Low dose doxorubicin increases the invasiveness of osteosarcoma through ROS/MMP-9 pathway in vitro

Abstract

Introduction: Doxorubicin (DOX or adriamycin) is a major chemotherapeutic agent for osteosarcoma (OS). It expectedly eliminates micro-metastasis, but suffers from cardiotoxicity that can be lethal. Trials have sought to reduce the cardiotoxicity by reducing the peak plasma levels of DOX, but results have been controversial. Besides, these attempts involving low dose DOX may produce still other adverse effects. The purpose of this study was to evaluate the effect of low concentrations of DOX on the invasiveness of OS, and the involvement of the reactive oxygen species/matrix metalloproteinase-9 (ROS/MMP-9) pathway.

Methods: The human OS cell line U2OS was used for the experiments. Hydrogen peroxide (H2O2) and the antioxidant compound N-acetylcysteine (NAC) were used to investigate the involvement of ROS signaling. The effects of DOX, H2O2, and NAC on U2OS proliferation was evaluated by the MTT assay. Invasiveness of U2OS was evaluated by MatrigelTM invasion assay and gelatin zymography in the presence of various doses of DOX or H2O2, with or without NAC pre-treatment. In each experimental condition, MMP-9 expression was measured using quantitative real time polymerase chain reaction (qPCR).

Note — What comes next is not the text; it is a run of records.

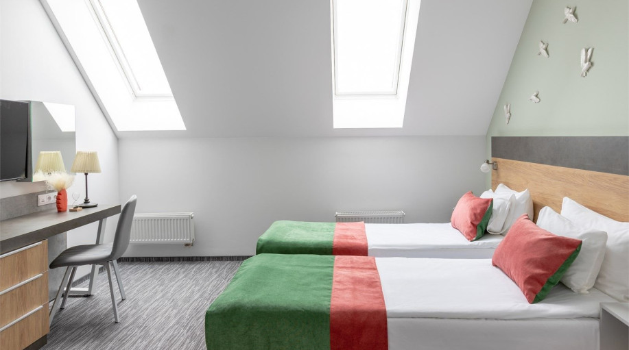 Разместитесь на время путешествия в светлом уютном номере, выполненном в классическом дизайне с сочными цветовыми акцентами. Классик с мансардным окном - номер стандартной категории площадью до 15 кв. м. с одним окном, расположенный на мансардном этаже отеля. Оснащен на выбор двумя раздельными или о..
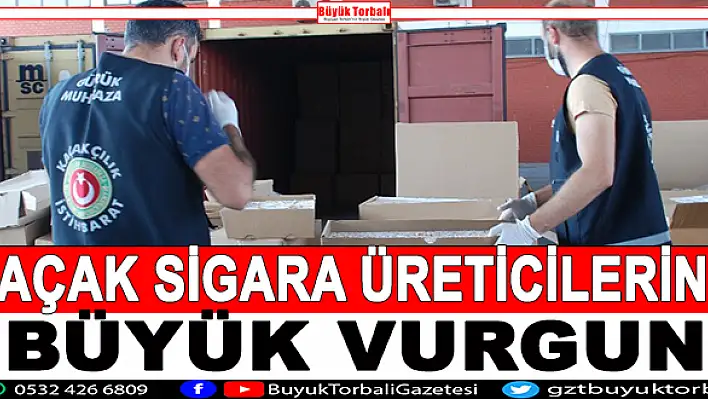 İzmir Emniyet Müdürlüğü KOM Şube Müdürlüğü ekipleri; Torbalı, Kemalpaşa ve Buca’da kaçak sigara üreticilerine operasyon düzenledi. Operasyon kapsamında 18 kişinin gözaltına alındığı öğrenildi. Kemalpaşa’da bulunan kaçak sigara imalathanesine, Buca’da bulunan depoya ve Torbalı ‘da bulunan bir kamyona düzenlenen eş zamanlı operasyon kapsamında çok sayıda kaçak sigara üretiminde kullanılan materyale el konuldu. Bir süredir üç ilçenin Emniyet Müdürlüğü ile ortaklaşa yürütülen teknik ve fiziki takiple yapılan operasyonlardaki aramalarda; 10 milyon 302 bin doldurulmuş sigara, 460 bin boş makaron, 5,5 ton kıyılmış tütün, 8 milyon sigara filtresi, 2,5 ton sigara filtre kâğıdı, 850 kilogram sigara kâğıdı, 432 kilogram nargile tütünü ele geçirildi, 1 makine bandı ve üretim ünitesinin olduğu kaçak sigara imalathanesine el koyuldu.
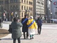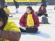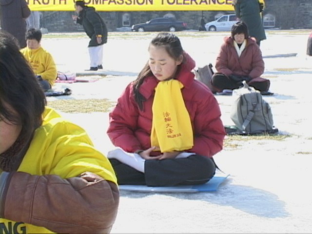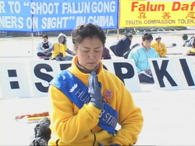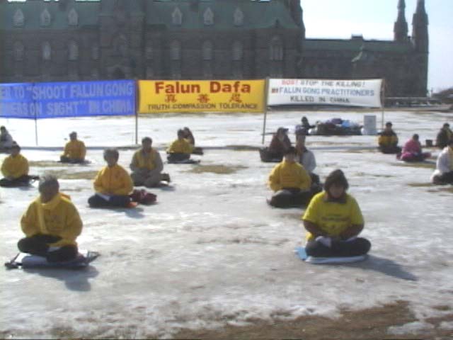 今天(3月13日)是第一天。清晨,9点钟,天灰蒙蒙的,第一批绝食学员已到达国会山上。11点,第二批50多人到达,在早春的料峭寒风中,学员们坐在消融的残冰上炼功、发正念,背后是写有“制止中国枪击法轮功学员” “紧急营救:在中国被虐杀的法轮功学员” “法轮大法”等字样的横幅。学员们的正念之场笼罩着偌大的国会山庄。
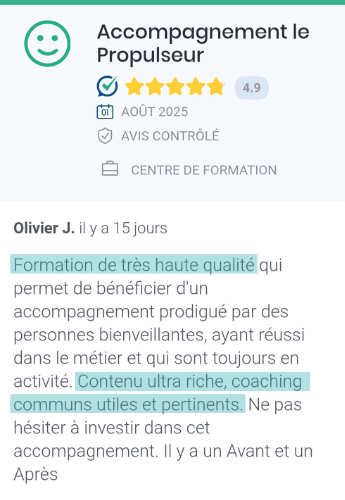 ACCOMPAGNEMENT de nos clients en seulement 6 MOIS !
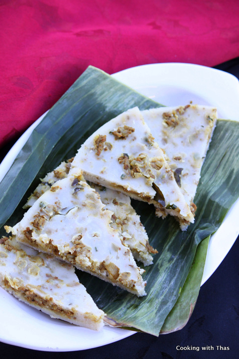 - Cover the pan with aluminum foil and steam cook for 25 to 30 minutes or until the rice batter has cooked well.

Results: In proliferation assays, DOX (up to 500 nM), H2O2 (up to 50 μM), and NAC (up to 10 mM) did not affect U2OS proliferation significantly for up to 24 h. MatrigelTM invasion assay and gelatin zymography revealed increased invasiveness of U2OS at around 100 nM of DOX, which is a subclinical concentration. In qPCR, MMP-9 expression was increased in the presence of DOX doses that increased the invasiveness of U2OS. H2O2, a representative source of ROS, also increased the invasiveness of U2OS. No DOX- or H2O2-mediated increased invasiveness or MMP-9 expression was evident when pre-treated with NAC.

Conclusions: Low-dose DOX increased U2OS invasiveness through ROS activation and MMP-9 induction in vitro. DOX may have oncologic adverse effects at low doses, which should be further investigated. The ROS/MMP-9 pathway could be a novel target for future research and targeted therapies for OS.